Pacific Chicken Salad
By ninebirch
1 Picture
Ingredients
- 4 boneless, skinless chicken-breast halves
- 3 red bell peppers, chopped
- 1 bunch green onions, sliced
- 1 cup each chopped celery and sliced carrots
- 6 ounces snow peas, cut into halves, steamed
- 1 cup soy sauce
- 1/2 cup rice wine vinegar
- 2 tablespoons each lime juice and chopped fresh gingerroot
- 1 tablespoon each creamy peanut butter and sesame oil
- 1 teaspoon red pepper flakes
- 2 cloves garlic, minced
Details
Servings 8
Preparation time 30mins
Cooking time 32mins
Preparation
Step 1
1 For salad, combine chicken with enough water to cover in a large saucepan. Cook chicken over medium heat until an instant-read thermometer inserted in center of meat registers 180ºF, about 20 minutes; drain. Let stand to cool. Cut chicken into bite-size pieces.

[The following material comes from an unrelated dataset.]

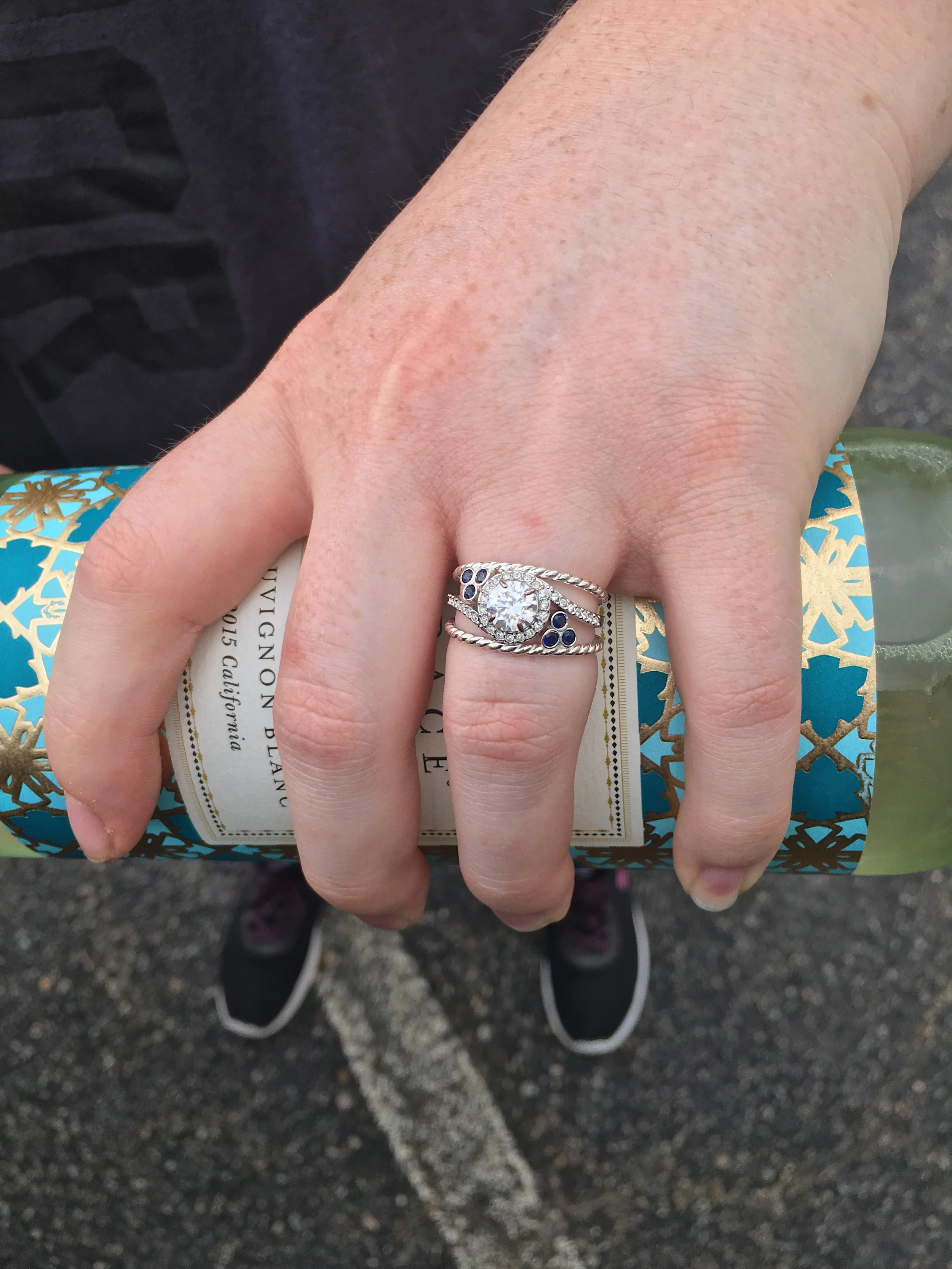 Sometimes I just make the bands. This client had a beautiful engagement ring that didn't offer a wedding band to match. We came up with a plan to make double wedding bands so the rings would look balanced. Her mom had a ring she was no longer wearing and wanted to pass it on to the bride-to-be. I removed the sapphires from the heirloom ring and used six of them in these two bands. The bride chose a nautical rope style shank for her rings because her groom is in the NAVY.

2 Combine chicken, bell peppers, green onions, celery, carrots and snow peas in a large bowl.
3 For salad dressing, combine soy sauce, rice wine vinegar, lime juice, gingerroot, peanut butter, sesame oil, red pepper flakes and garlic in a small bowl and whisk until well mixed.
4 Pour salad dressing over salad and toss to mix well.
5 Chill, covered, for 2 hours. Serve on beds of baby bok choy and garnish with toasted sesame seeds, if desired.